The Declaration of Independence enshrines "the pursuit of happiness" as our inalienable right. But what is happiness? Who is happy? And how does one pursue it? A recent issue of Time
explored recent "happiness research" that may provide some answers.
Imagine a "happiness-misery index" calibrated from minus five (despair) up to plus five (bliss). Modern psychology has been preoccupied with misery—that dark realm of mental illness. Historically, psychotherapists’ goal has been to move miserable people up the misery index towards zero. In the process, they have relieved oceans of human suffering.
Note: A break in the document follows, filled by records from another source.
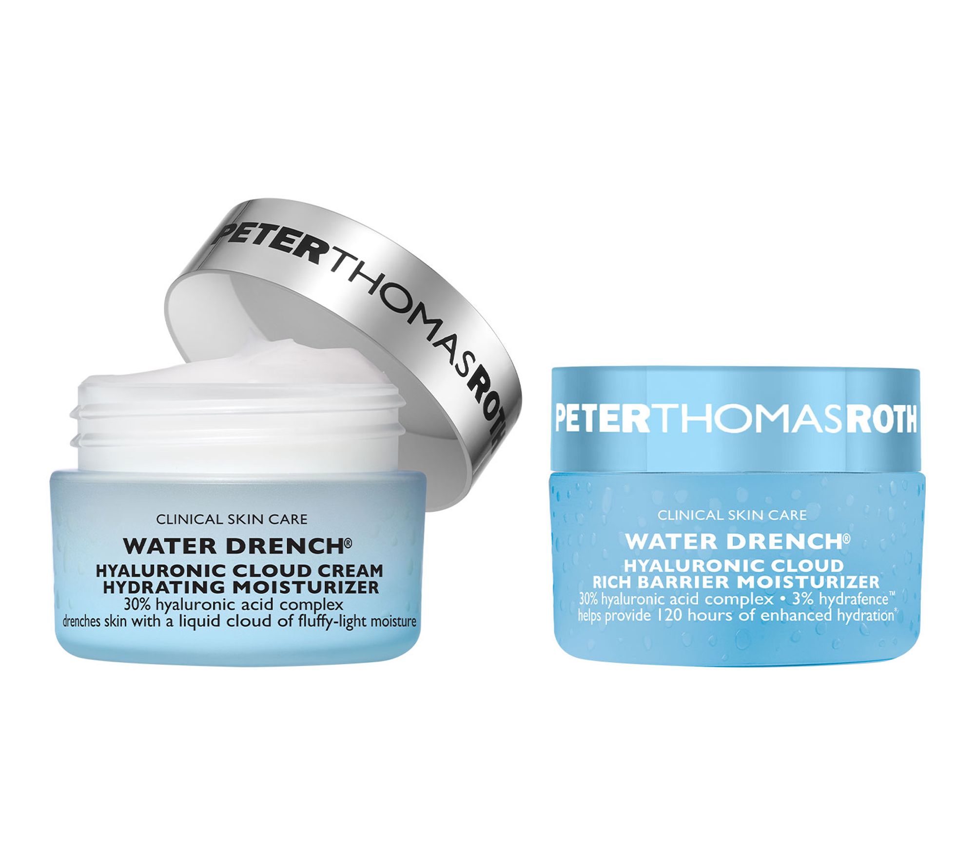 Help provide skin with moisture while traveling and on the go! This special-edition Peter Thomas Roth two-piece kit includes mini-size Water Drench moisturizers for day and night. Use the original Cloud Cream as your day cream for fluffy-light moisture that leaves skin appearing silky, hydrated, and more youthful-looking. Use the Rich Barrier Moisturizer as your night cream for richer moisture.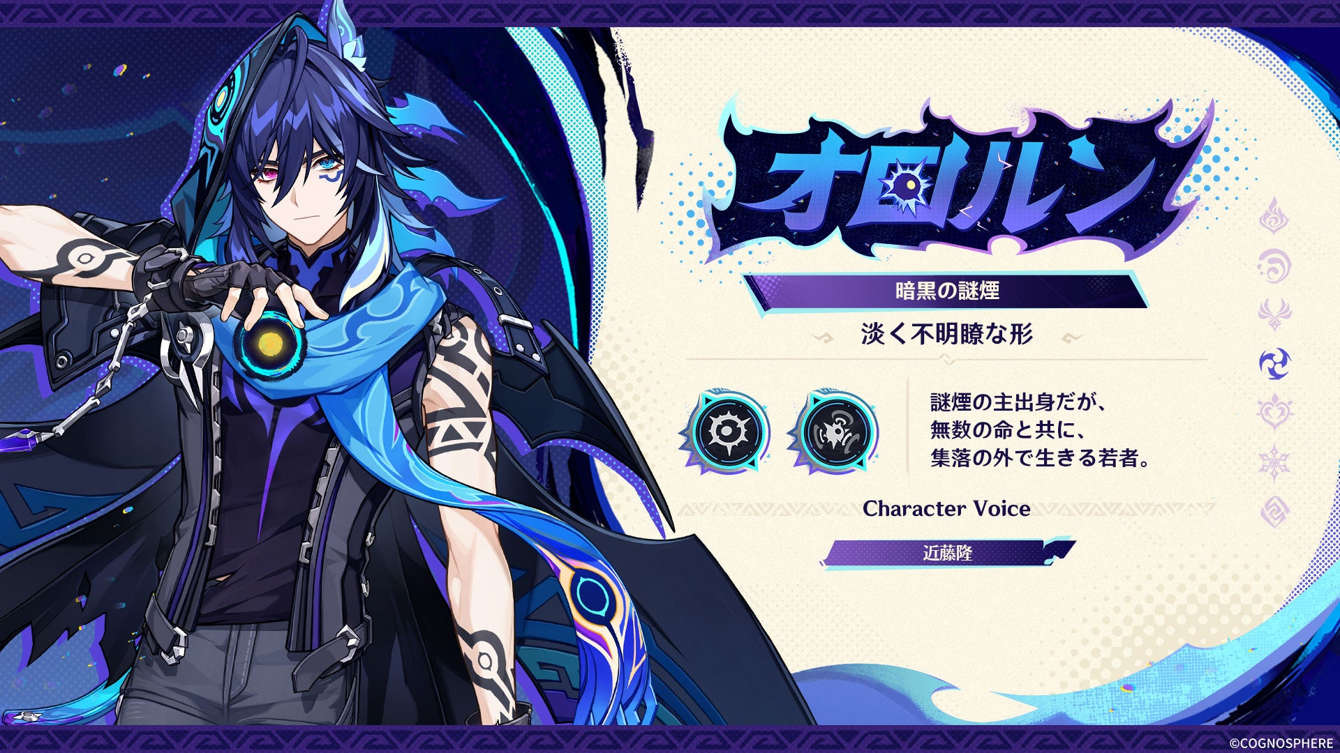 チーム内のキャラクターが「夜魂バースト」を起こした時、あるいはオロルンの元素スキル発動後、チーム内のキャラクターの水元素または雷元素ダメージを与えた時、オロルンは一定の夜魂値を獲得する。敵が感電ダメージ、または夜魂性質のダメージを受けた場合、オロルンは夜魄の加護状態に入り、雷元素ダメージを与える。
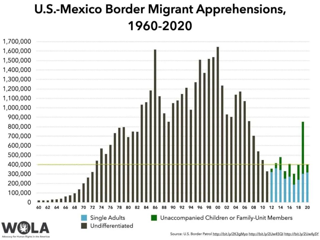 美国监狱里除黑白两股势力之外,另一波来自中南美洲的帮派势力也在飞速崛起。 中南美洲和墨西哥大量游民涌入美国的同时,一批不会英语的老墨们发现加入黑帮、贩毒比较挣钱,因此美国各地的监狱里收押了大批墨西哥裔犯人。 · 80年代的美墨边境,被逮捕的墨西哥偷渡者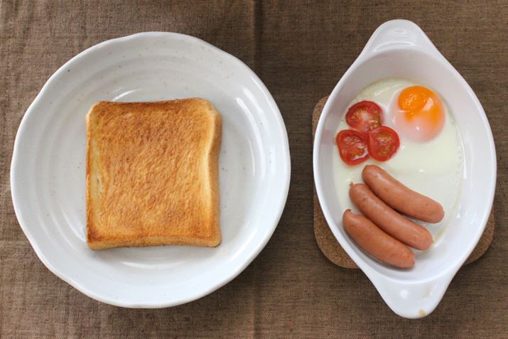 まずはトーストと目玉焼きウインナーを同時に作ってみましょう。……といっても、食パンとおかずを一緒にST-G111の中に入れたら、あとはつまみを回してほったらかしておくだけ。5分後には、おいしい朝ごはんができあがっています。フライパンやお鍋を汚すこともありません。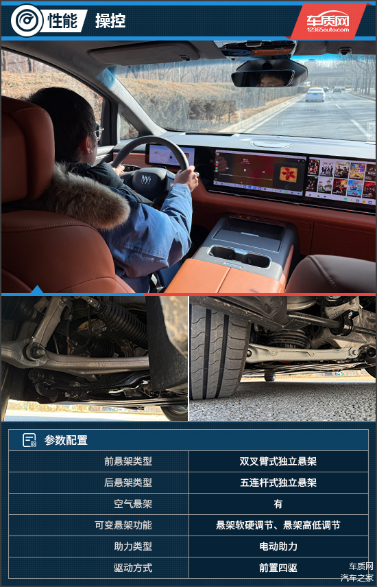 评测车采用前双叉臂式独立悬架+后五连杆式独立悬架的组合,配有预瞄式魔毯底盘,可提前20米感知路面起伏,并对悬架阻尼进行毫秒级实时调节,高效过滤路面颠簸,显著提升行驶的平稳性与高级质感。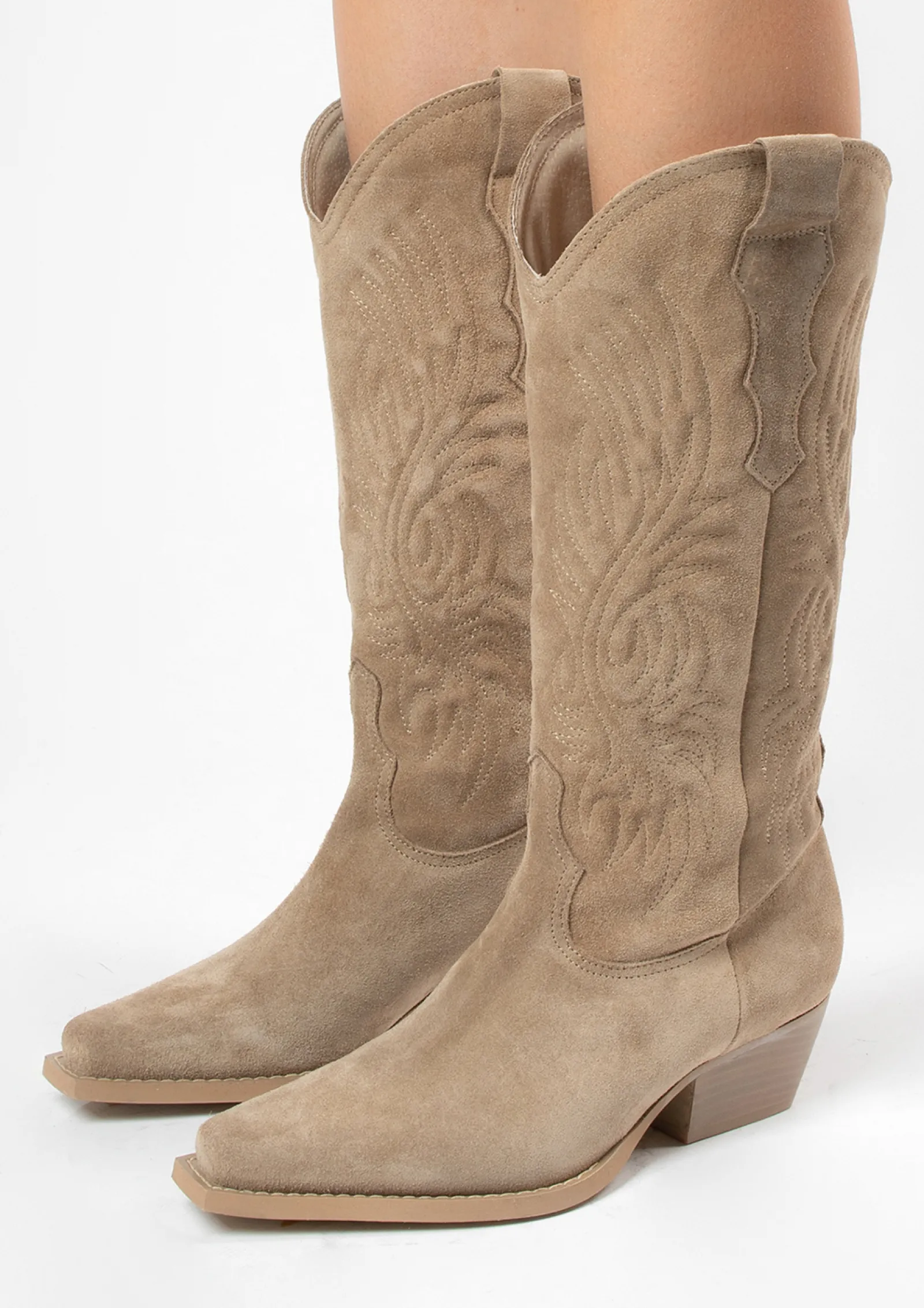 Beige Suede Cowboylaarzen Met Stiksels^Sacha Best Sale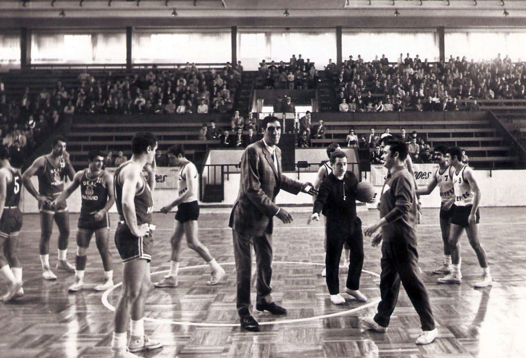 Fede Alonso realizando el saque de honor en el partido de su despedida el 2 de Nioviembre de 1969, Águilas contra el Real Madrid Aparece esta foto en la página 134 del libro (Saskibaloiaren 75 Urteko Ibilbidea Bizkaian/75 Años de Baloncesto en Bizkaia)
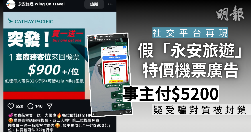 假「永安」特價機票廣告現社交平台 WhatsApp仿真度高 事主疑受騙$5200對質被封鎖對話 (14:10)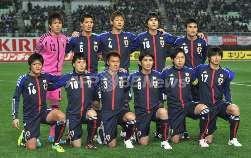 試合前の写真撮影に臨む日本代表の選手(2012年2月24日撮影)。(c)AFP/KAZUHIRO NOGI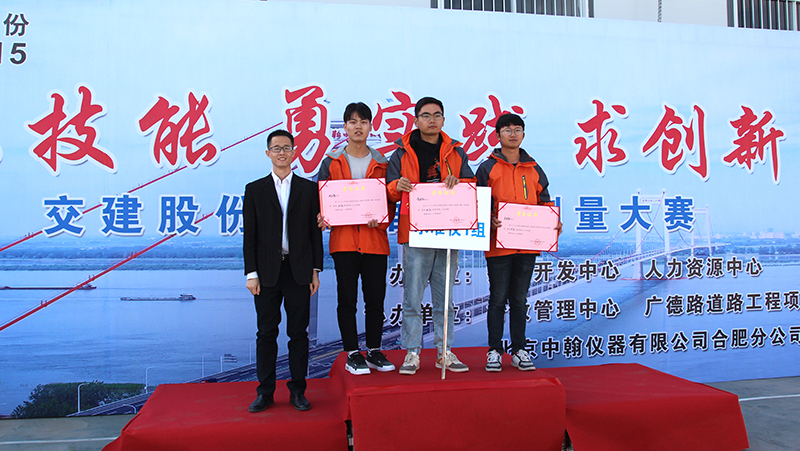 最后,交建股份副總裁吳小輝、技術開發中心總經理宣菲分別為獲得全站儀組、水準儀組團體第一名頒發證書和獎金并表示祝賀。至此,交建股份第三屆施工測量技術培訓暨施工測量大賽圓滿落幕。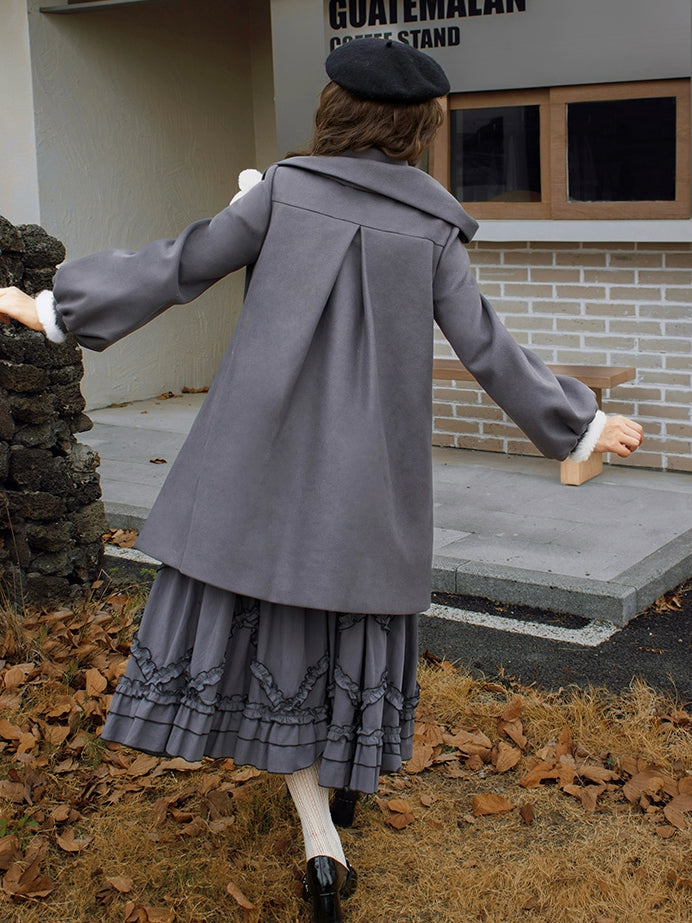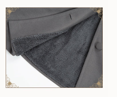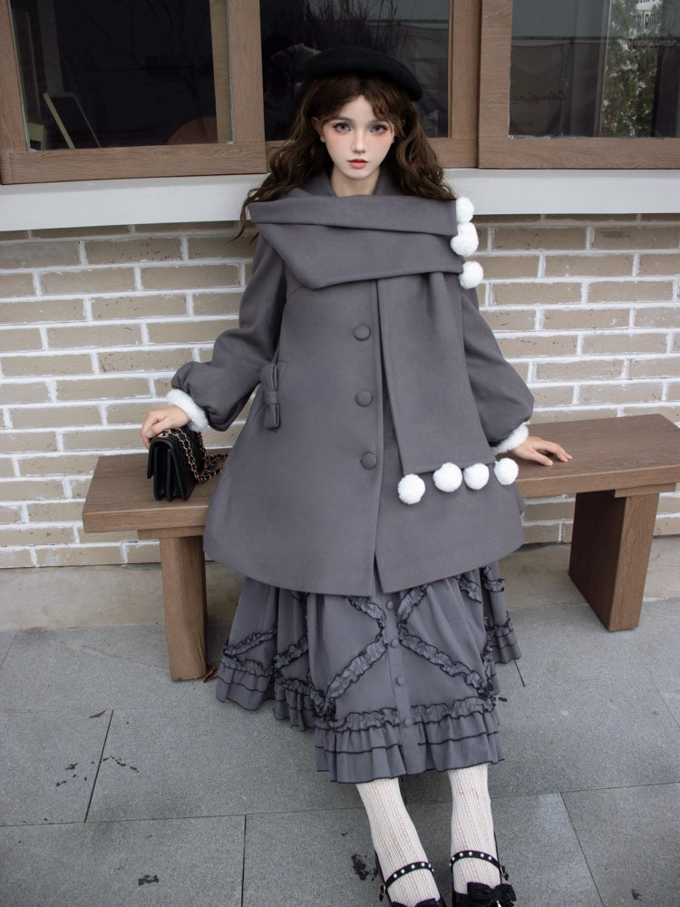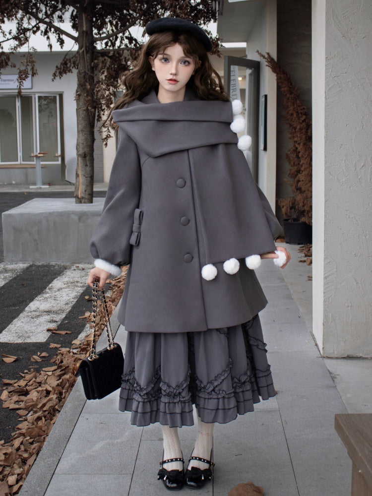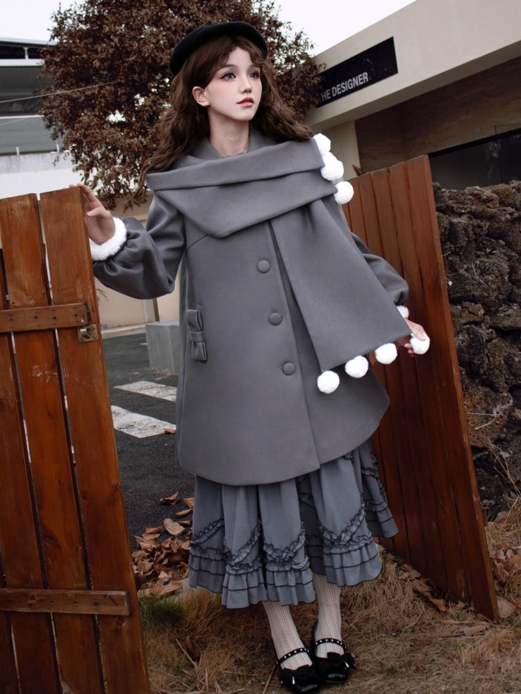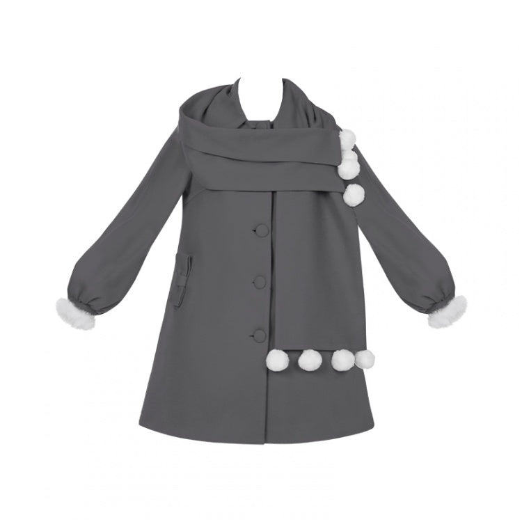 ポンポンスカーフカラー、グレーフリース裏地ウールコート

Until recently, few serious psychologists focused on the happiness-misery index north of zero. What makes the human heart sing? A new “positive psychology” is exploring happiness—optimism, positive emotions, healthy character traits, our experience of well-being...fun! Happiness research recalls some old lyrics: "You’ve got to accentuate the positive, eliminate the negative, don’t mess with Mr. In-between".
Happiness researchers learned that neither wealth nor income raises our sense of satisfaction with life, once basic needs are met. Nor does education or a high IQ. Virtues of the head—curiosity and love of learning—are less tied to happiness than virtues of the heart—kindness, gratitude, and capacity for love. Youth isn't a factor either. Older persons are more consistently satisfied and less prone to dark moods. Married persons are more content than singles. Some 900 Texas women reported their happiest activities, in order of importance, to be: sex, socializing, relaxing, praying and eating.
No one maintains a constant state of bliss. The happiest of us are down at least 10% of the time; the miserable are elevated about the same amount. Even the happiest are brought low for extended periods of time by loss of spouse or loss of job. The sources of one's capacity for happiness seem to be roughly 50% genetic and 50% the cumulative effect of "slings and arrows" i.e. life experience.
As one moves upscale on the happiness-misery index, physical well-being improves. Neurophysiologists confirm a correlation between happiness and the development of antibodies, resistance to heart disease, diabetes and upper respiratory infections. It's correspondingly unhealthy downscale. Those who are anxious and depressed are more susceptible to disease.
Laughter—"evolution's whooppee cushion"—exercises the heart and elevates our mood. Men are the leading laugh getters; women are the leading laughers.
Despite a huge growth in affluence since WWII, American levels of happiness have remained essentially flat. But clinical depression is three to ten times as prevalent today as two generations ago. One in fifteen Americans experience an episode of major depression e.g. can't get out of bed. Any suggested correlation between affluence and happiness is thus suspect.
Of course being poor can cause depression, but we know that. One researcher concludes that after income exceeds $50,000 annually, happiness and affluence decouple. Further income increases don't drive up the happiness index. The Forbes 400 wealthiest are only slightly happier than the public at large. Moreover, as Americans move up the economic ladder, they almost immediately stop feeling grateful for their elevated circumstances and focus on what they still don't have. Whatever their income level, Americans believe they need more to live well. Those who anticipate they'll get still more seem even happier.
A psychologist father-son team administered a "subjective well-being" questionnaire to members of many cultures around the world, with some surprising results. Latin Americans (along with Americans) are among the happiest, while East Asians (Japan, China, South Korea) are among the least happy, with somber Lithuanians and Russians at the bottom.
British Economist Sir Richard Layard2
praises the American Declaration of Independence. Public policy should, says Sir Richard, be judged by how government increases human happiness and alleviates human misery. Layard credits focus on public happiness with much of the social progress accomplished over the last two centuries. Building stable and happy families, communities and workplaces deserve to be very high public priorities.
Psychologist Martin Seligman, a founder of positive psychology, became interested in happiness research because he had nothing further to offer clients who neared zero on the happiness-misery index. I felt a similar frustration as a mediator: once the family wealth dispute was resolved, then what? How does a once-contentious family refocus on family happiness so long obscured by their wranglings?
Is this new approach to happiness just another smiley-face pop psychology? Or are the positive psychologists on to something? One thing is sure: all of us want to become happy and stay happy. Some very prominent psychologists — who understand the human psyche best — are trying to help us do just that. Let’s listen to what they have to say. Stay tuned.
[ 1 ] Time Magazine, January 17, 2005, pp. A1-A68.
[ 2 ] Layard, Richard, Happiness, (Penguin Press 2005).